Accession 0001213900-26-001835

$VEEACIK 0001840317operating

Filed

Jan 5, 7:00 PM ET

Accepted

Jan 6, 4:55 PM ET

Size

254.4 KB

Accession

0001213900-26-001835

Research Summary

AI-generated summary of this filing

Updated

VEEA Inc. Reports Annual Meeting Results; Board Approved Reverse Split

What Happened VEEA Inc. filed an 8-K on January 6, 2026 reporting the results of its annual meeting of stockholders. A quorum of 30,098,131 shares (≈60.08% of 50,100,819 outstanding) was present or represented. Shareholders elected two Class I directors—Gary Cohen (29,567,252 FOR; 530,879 WITHHELD) and Michael Salmasi (30,035,608 FOR; 62,523 WITHHELD)—each to three-year terms. Shareholders also approved an amendment permitting the Board to effect a reverse stock split in a ratio between 1-for-2 and 1-for-20 (30,072,408 FOR; 25,723 AGAINST). The Board may file the certificate of amendment with Delaware at its sole discretion.

Key Details

  • Record/Outstanding shares: 50,100,819 shares as of record date Nov 3, 2025; quorum = 30,098,131 (≈60.08%).
  • Director election votes: Gary Cohen 29,567,252 FOR / 530,879 WITHHELD; Michael Salmasi 30,035,608 FOR / 62,523 WITHHELD.
  • Reverse split approval: 30,072,408 FOR; 25,723 AGAINST; effective only if/when Board files an amendment (1-for-2 to 1-for-20 range).
  • Other approvals: 2024 Equity Incentive Plan amendment approved (29,424,344 FOR); auditor PKF O’Connor Davies ratified (30,073,709 FOR); advisory approval of executive compensation (29,422,755 FOR); advisory vote frequency approved for every 3 years (29,335,017 votes for 3 years).

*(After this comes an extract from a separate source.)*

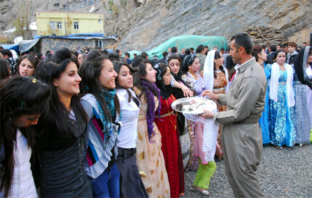 Şırnak'ın Uludere ilçesine bağlı Harput-2 köyünde Saddam Hüseyin'in adını taşıyan köprünün üzerinde bir düğün töreni...

Why It Matters The reverse split authorization gives the Board flexibility to consolidate shares (between 1-for-2 and 1-for-20) which can affect share count, per-share metrics, and minimum share price levels if implemented. Re-election of directors and approval of the equity plan increase governance and compensation flexibility. Ratification of the independent auditor and advisory votes on executive pay and vote frequency are routine corporate governance matters that were approved by shareholders and remove immediate governance uncertainty. Investors should note the Board must still choose to implement the reverse split and file the amendment for it to take effect.